* EXERCISE INPUT:
■ ■ ■ ■

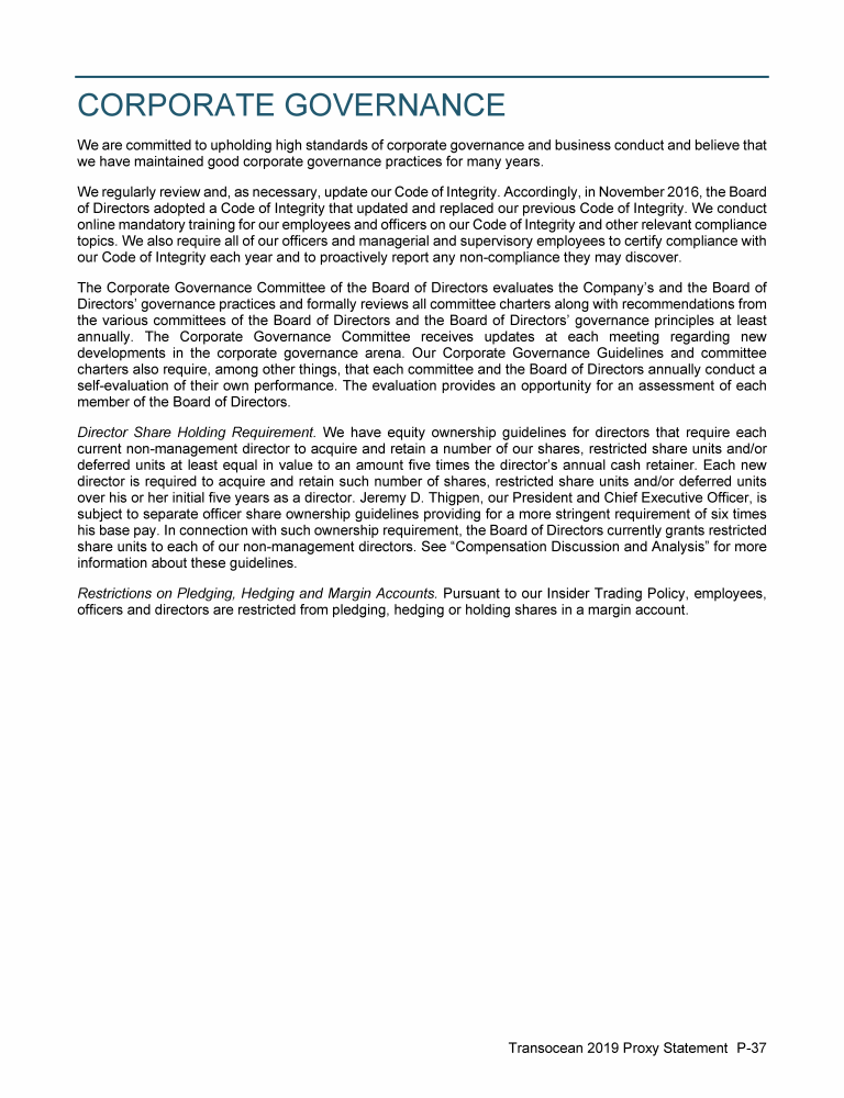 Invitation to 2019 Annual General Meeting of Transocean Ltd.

■ ■ ■ ■

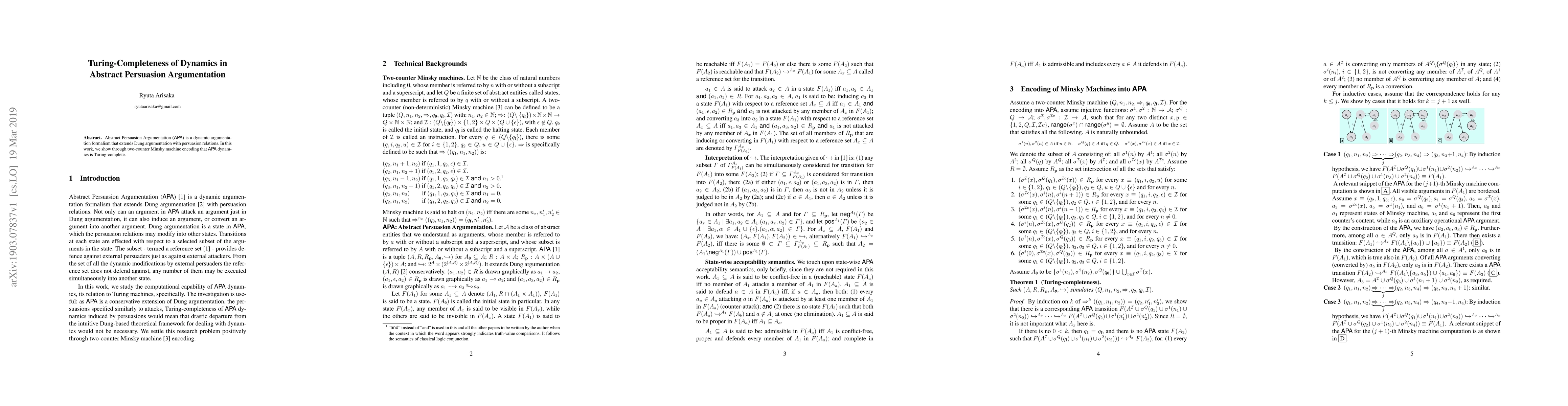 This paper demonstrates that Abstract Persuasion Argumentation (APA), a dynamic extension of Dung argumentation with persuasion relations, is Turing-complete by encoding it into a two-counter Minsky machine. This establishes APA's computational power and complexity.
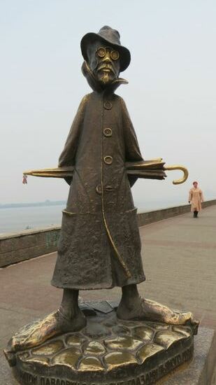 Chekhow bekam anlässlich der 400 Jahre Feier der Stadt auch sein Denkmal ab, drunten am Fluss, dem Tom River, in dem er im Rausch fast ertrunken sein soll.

■ ■ ■ ■

* WHAT IS REQUIRED:
Out of the records above, return only the lines from the one with "This paper demonstrates" through the one with "Chekhow bekam anlässlich", exactly, and none of the pictures.

* ANSWER TO THE PROBLEM:
 This paper demonstrates that Abstract Persuasion Argumentation (APA), a dynamic extension of Dung argumentation with persuasion relations, is Turing-complete by encoding it into a two-counter Minsky machine. This establishes APA's computational power and complexity.
 Chekhow bekam anlässlich der 400 Jahre Feier der Stadt auch sein Denkmal ab, drunten am Fluss, dem Tom River, in dem er im Rausch fast ertrunken sein soll.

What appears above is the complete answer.